И правда, не успел он договорить, как из внутренних королевских покоев вышел знаменитый Оливье, любимец Людовика, деливший его расположение с гордым кардиналом, но не имевший с ним ничего общего ни во внешности, ни в манере себя держать. В противоположность высокомерному и напыщенному прелату, Оливье был маленький, худой человек с бледным лицом, в самом простом и скромном черном шелковом камзоле и таких же панталонах и чулках – костюме, который едва ли мог выставить в выгодном свете его заурядную фигуру. Серебряный таз, который он держал в руке, и перекинутое через плечо полотенце указывали на его скромную должность. Лицо его отличалось живостью и проницательностью, однако он старался скрыть это выражение и ходил, скромно опустив глаза, или, вернее, скользил неслышно, как кошка, словно стараясь прокрасться незамеченным. Но если скромность может скрыть добродетель, под этой личиной не укроется тот, кто осыпан королевскими милостями. Да и мог ли пройти незамеченным через приемный зал человек, который, как всем было известно, имел такое огромное влияние на короля, какого добился его знаменитый цирюльник и камердинер Оливье ле Дэн, или иначе – Оливье Негодяй, или еще – Оливье Дьявол! Эти прозвища были даны ему за ту чисто дьявольскую хитрость, с какой он помогал королю приводить в исполнение его вероломные замыслы. Озабоченно пошептавшись о чем-то с графом Дюнуа, который тотчас же вышел из зала, Оливье повернулся и направился опять во внутренние покои, причем все почтительно уступали ему дорогу. Отвечая на ходу униженными поклонами на эту учтивость, он раза два-три остановился, чтобы наскоро шепнуть несколько слов кое-кому из присутствующих, и этого мимолетного внимания было достаточно, чтобы возбудить тайную зависть остальных царедворцев; затем, отговариваясь своими обязанностями, он проворно шел дальше, не дожидаясь ответа и делая вид, что не замечает стараний некоторых из придворных обратить на себя его внимание. На этот раз Людовик Лесли оказался в числе счастливцев, удостоившихся беседы Оливье, который сообщил ему в двух словах, что его дело улажено.
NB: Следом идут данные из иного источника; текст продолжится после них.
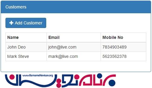 زمانی که برنامه اجرا شود اکشن Index فراخوانی می شود . سپس لیستی از Customerها در قالب یک جدول نمایش داده می شود.

Вслед за тем явилось и другое подтверждение этого приятного известия. В зал вошел старый знакомый Квентина, Тристан Отшельник, великий прево, главный начальник королевской полиции, и прямо направился туда, где стоял Меченый. Блестящая парадная форма еще резче оттеняла его грубое лицо и зловещее выражение глаз, а приветливый тон, которым он старался говорить, больше всего напоминал рычание медведя. Однако смысл его речи был дружелюбнее тона, которым она была произнесена. Он очень сожалел о вчерашнем недоразумении, но произошло оно не по его вине, а по вине племянника господина Лесли, который был не в форме и ни словом не заикнулся о том, что служит в королевской гвардии. Это обстоятельство и было причиной ошибки, за которую он, Тристан, просит теперь его извинить.
Людовик Лесли дал подобающий ответ, но, как только Тристан отошел, сказал племяннику, что теперь они нажили себе смертельного врага в лице этого страшного человека.
– Впрочем, мы для него дичь слишком высокого полета, – добавил он. – Солдат, добросовестно исполняющий свой долг, может не бояться даже великого прево.
Нельзя сказать, что Квентин вполне разделял мнение своего дяди: он видел, какой злобный взгляд Тристан бросил на него, уходя; это был взгляд медведя, стоящего перед охотником, который его ранил. Надо, впрочем, заметить, что даже при обыкновенных обстоятельствах угрюмый взгляд этого страшного человека способен был каждого привести в трепет; понятно поэтому, какой ужас и отвращение испытал теперь молодой шотландец, еще ощущавший на своих плечах прикосновение страшных когтей двух неумолимых помощников этого мрачного исполнителя закона.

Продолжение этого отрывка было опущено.